> _Material shown_
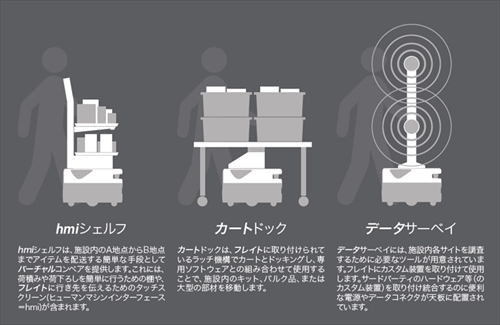 利用者のニーズに合わせてカスタマイズすれば、様々な用途に活用することもできる。タッチスクリーンと棚(シェルフ)をフレイトに組み合わせた「hmiシェルフ」は、荷物を荷積み場所から荷下ろし場所まで動かしたり、パーツ部品をキッティングエリアから組み立てラインまで搬送したりすることに適しており、バーチャルコンベアの役割を果たす。また、カートとフレイトを組み合わせた「カートドック」は大型の部材を移動させることに適している。
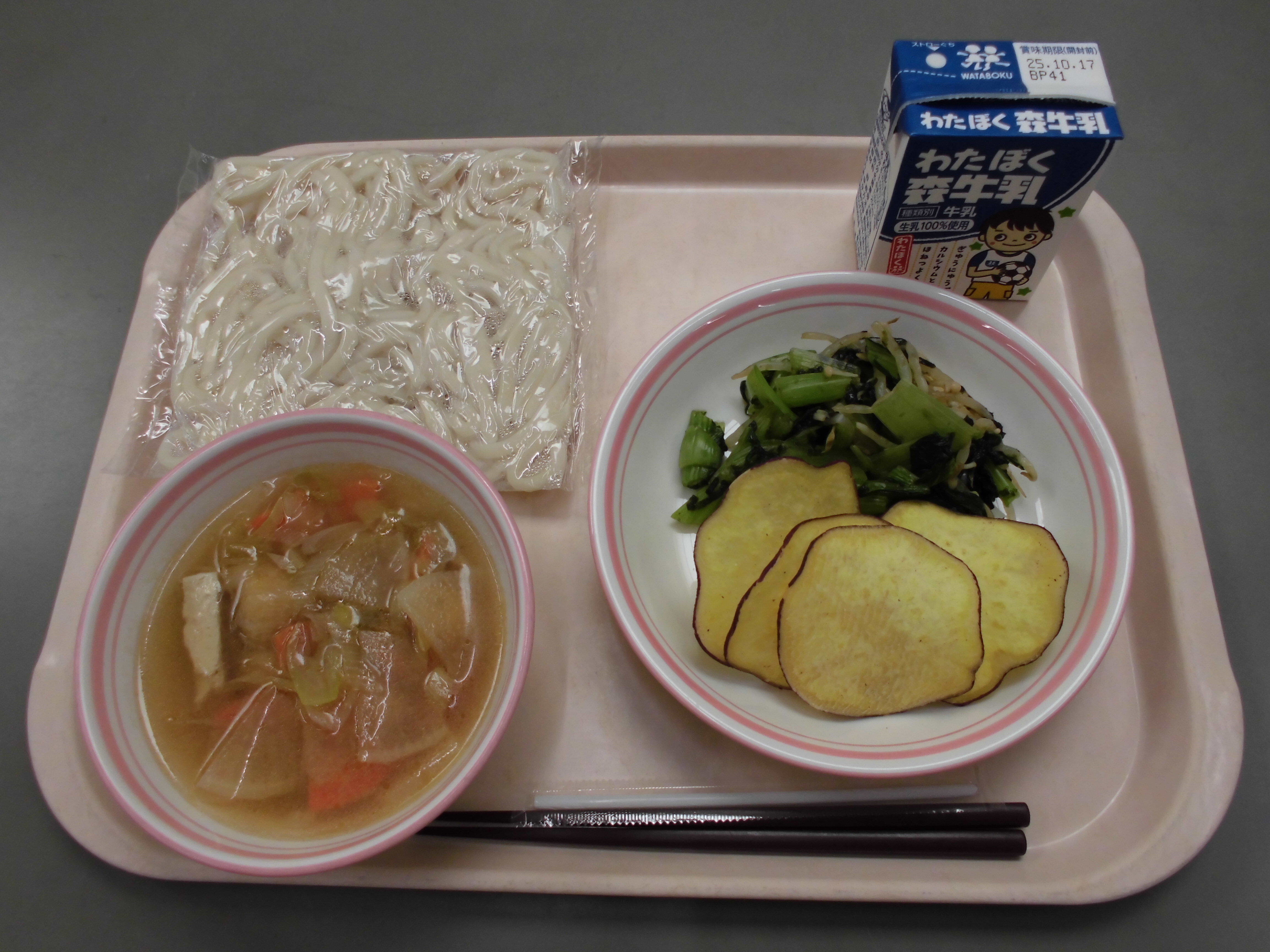 鶏ねぎうどん(地粉うどん)、さつまいもチップス、磯香和え、牛乳
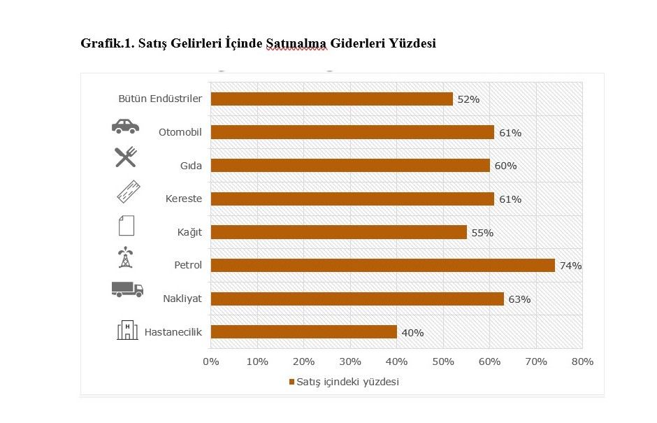 Hastane giderleri içerisinde Tedarik Zincirine ilişkin giderler personel ve hekim giderlerinden sonra en yüksek paya sahip giderler olarak karşımıza çıkmaktadır. Grafik 1. de de görüleceği üzere toplam satış gelirlerine oranla bakıldığında hastanelerde yaklaşık %40 lar civarında bir oranın satınalma marifetiyle yapılan alımlardan oluştuğu görülmektedir. Üretim gibi hammadde kaynaklı sektörlerde bu oran çok daha yüksekken hizmet odaklı sektörlerde bu oran kısmen daha sınırlıdır. Bu denli büyük oranda paya sahip olan bir sürecin bütününde tüm uygulamalarının detaylıca analiz edilmesi ve israf kaynaklarının tespit edilerek doğru süreçlerin işletilmesi gerekmektedir. Zincirin her aşamasında sistem içerisindeki kaynakların boşa harcanmasına neden olan ve değer yaratmayan faaliyetlerin ortadan kaldırılması amacıyla işletme süreçlerinin yeniden yapılandırılması gerektiğini savunan yalın tedarik zinciri, işletmenin tüm fonksiyonlarının bütünleştirilmesini sağlar. Bu sayede yüksek kullanım oranı, daha kısa teslim süreleri ve toplam tedarik zinciri maliyetlerinin en aza indirilmesi sağlanabilecektir.
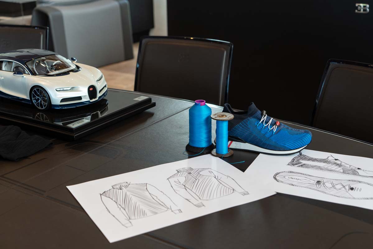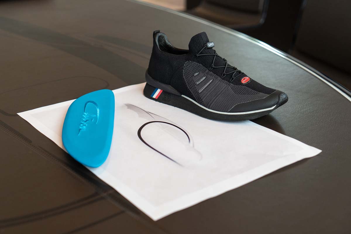The iconic Bugatti C-line is a key source of inspiration is, which UYN has reinterpreted in jackets and shirts through its patented Ergomotion technology. The unique C-shaped shoulder design that follows the shoulder blade profile guarantees complete freedom of movement. In the shoes made of 3D-knit fabric with zero seams, the C-line has been integrated into the upper half, becoming a powerful ventilation system. The “UYN for BUGATTI” collection comes in the colors black, white and the famous Bugatti Blue, the later reflects Bugatti’s identity and pays homage to the Molsheim-based company’s racing heritage.
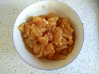 加鸡肉中加入一勺,一勺 ,一勺淀粉,搅拌均匀,腌制一会儿
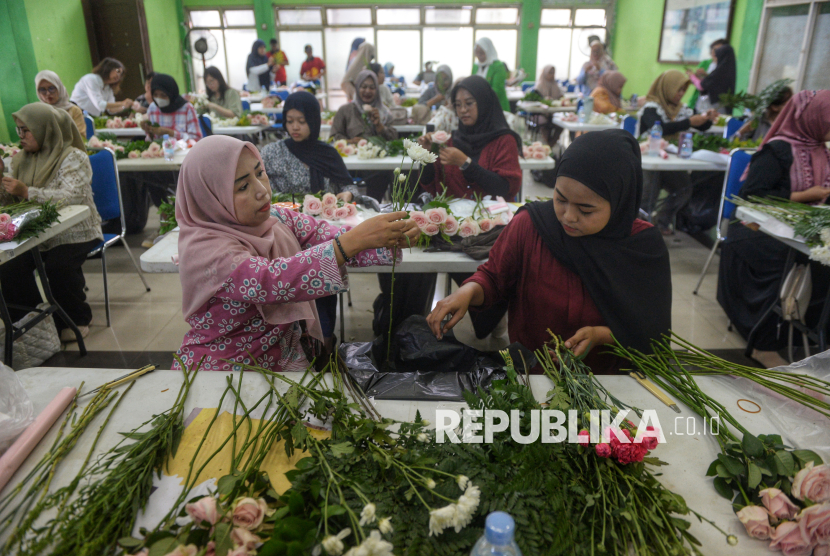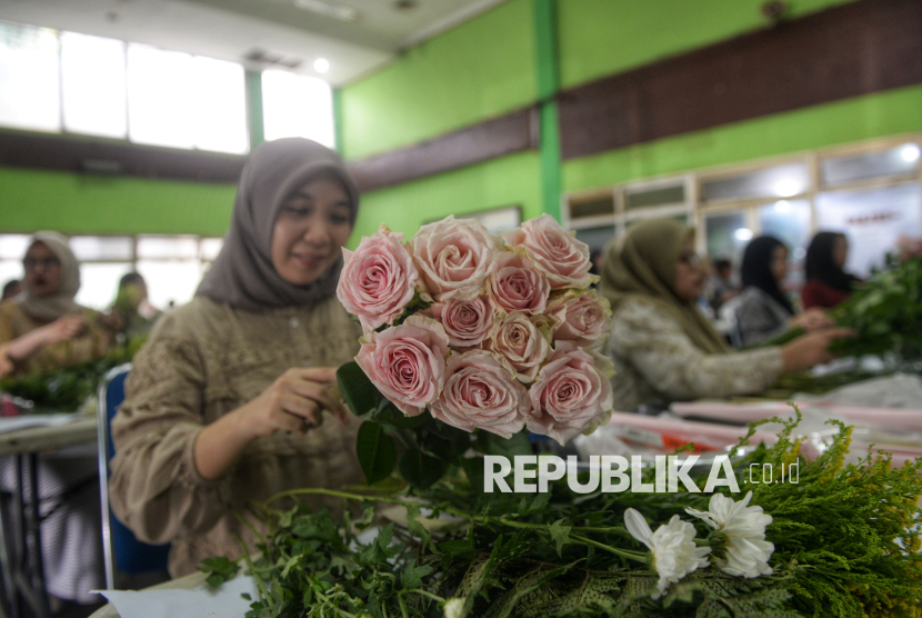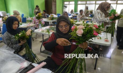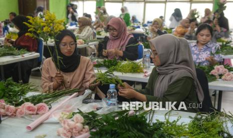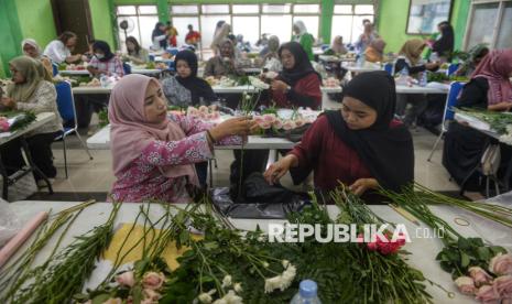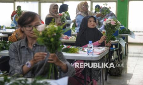 REPUBLIKA.CO.ID, JAKARTA -- Sejumlah warga mengikuti bimbingan teknis (bimtek) merangkai hand bouquet di Pasar Rawa Belong, Jakarta, Rabu (22/10/2025).
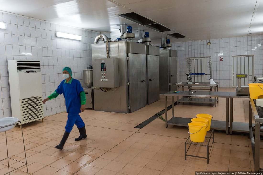 А это уже место, где рыба перерабатывается. Вот большая коптильня. Здесь делают мясо горячего и холодного копчения, балыки, боковники, осетровые сосиски и колбасы.
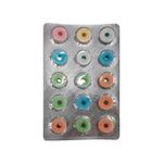Ingredientes: açúcar, glicose, acidulante ácido cítrico, aromas Artificiais de morango, maçã, laranja e uva, corantes artificiais Vermelho 40 (ins 129), amarelo crepúsculo (ins 110), amarelo Tartrazina (ins 102) e azul brilhante (ins 133). Não contém glúten.
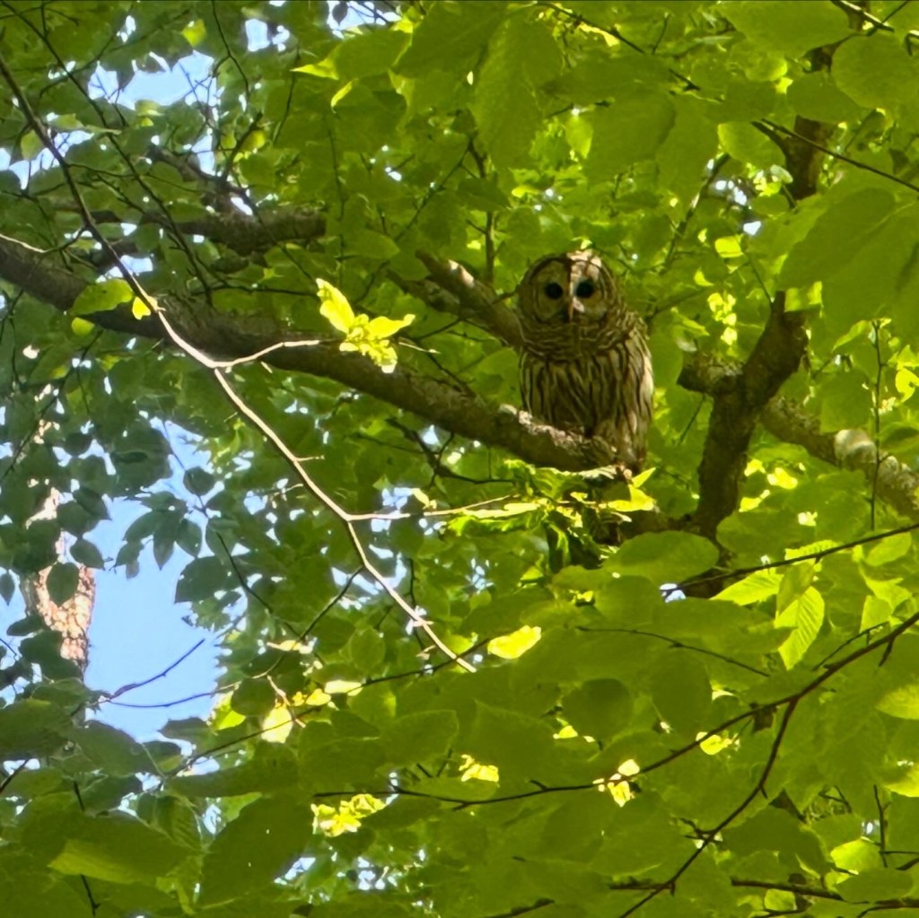 There were many birds calling out in the forest and I could swear that I heard an owl among them. I pulled out my phone (and my handy Merlin Bird ID app!) to see what birds were present. No owl was registering, but I kept hearing an owl call and just knew that an owl had to be close by. Sure enough, I lowered my phone and scanned the trees above me and our eyes locked.
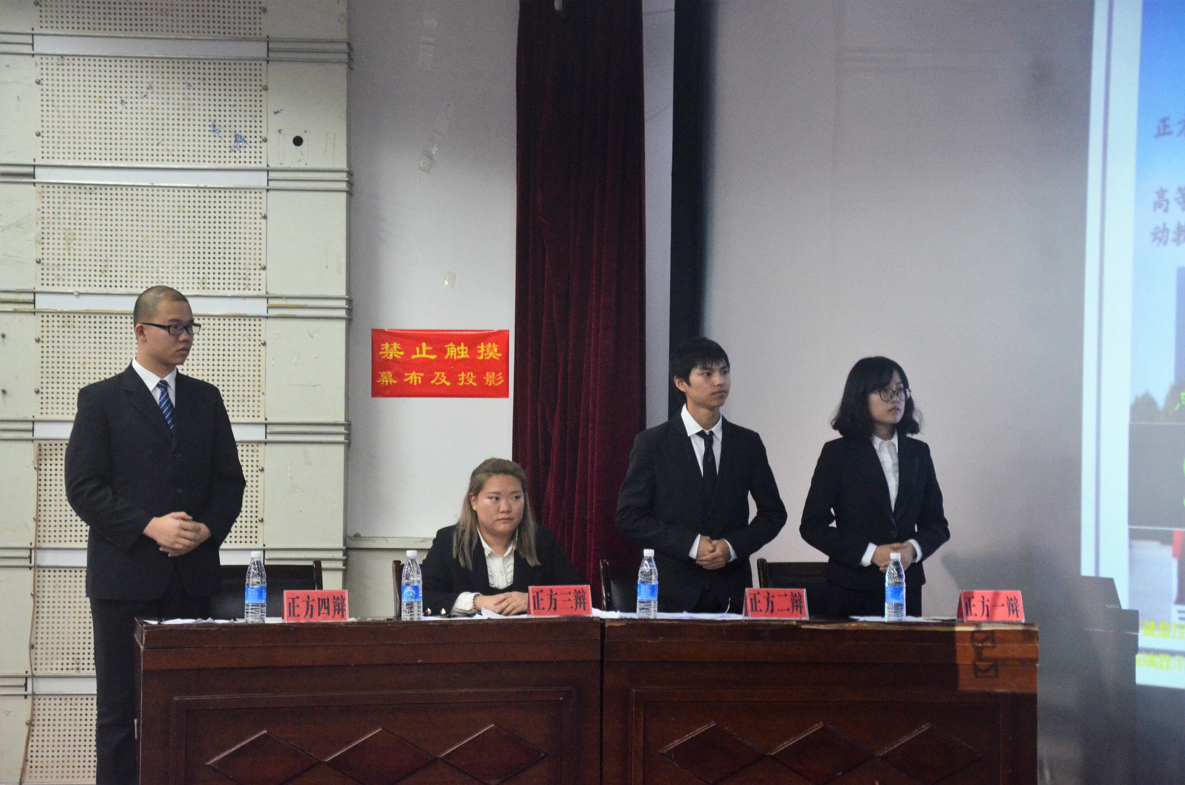 比赛开始后,我院辩论队一辩齐天羽同学以钱学森先生“为什么我们的学校培养不出杰出人才”这一发问为切入点,在对科研学术和教育教学定义并提出自己的判准后,从事实层面和价值层面分别准确、详细地论证了我方的观点。在指定攻辩环节,双方二辩对带动和促进的定义以及比较问题展开了激烈的讨论。盘问小结环节,我方三辩王宇頔同学准确指出了对方的问题,逻辑清晰,用大量的反问和实例证明我方的观点。自由辩论环节,双方对争论点展开了更为极为激烈的争论,你来我往,各抒己见,将现场气氛推向了高潮。总结陈词环节,我方四辩周毅同学明确指出了对方概念用词不当、审题有误的问题,提出好的教育需要什么条件、内容,老师教得好,同学听得好,都需要教育科研学术,所有我们教育的内容都是新的研究出来的,并回归到我方一辩的立论,他超强的总结能力以及随机应变能力令全场人折服。
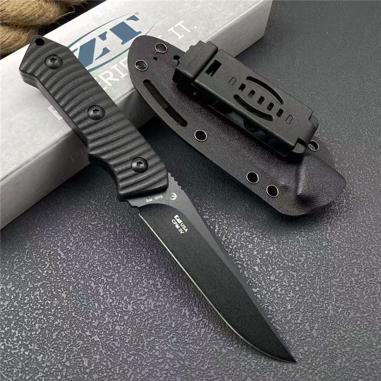 零误差ZT1018直刀 全长:22cm 刃宽:2.7cm 刃长:10.8cm 柄长:11cm 刃厚:4mm 刃材:CPM3V 柄材:一体钢+G10 刀重:180G/247G(含K梢) 毛量:288G 硬度:59-60HRC
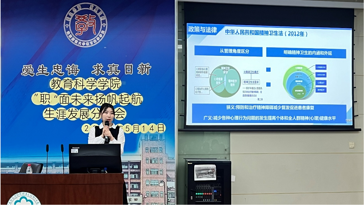 其次,王璐学姐结合国家政策与法律法规,解析了精神卫生与社会心理服务的最新动向。她建议同学们在校期间多关注跨地区政策,了解行业标准,以便在未来职业选择中占据主动。

> _Problem_
Copy the records above from the first line through the line containing "鶏ねぎうどん(地粉うどん)、さつまいもチップス、磯香和え、牛乳", both included, and leave out any pictures.

> _The answer_
 利用者のニーズに合わせてカスタマイズすれば、様々な用途に活用することもできる。タッチスクリーンと棚(シェルフ)をフレイトに組み合わせた「hmiシェルフ」は、荷物を荷積み場所から荷下ろし場所まで動かしたり、パーツ部品をキッティングエリアから組み立てラインまで搬送したりすることに適しており、バーチャルコンベアの役割を果たす。また、カートとフレイトを組み合わせた「カートドック」は大型の部材を移動させることに適している。
 鶏ねぎうどん(地粉うどん)、さつまいもチップス、磯香和え、牛乳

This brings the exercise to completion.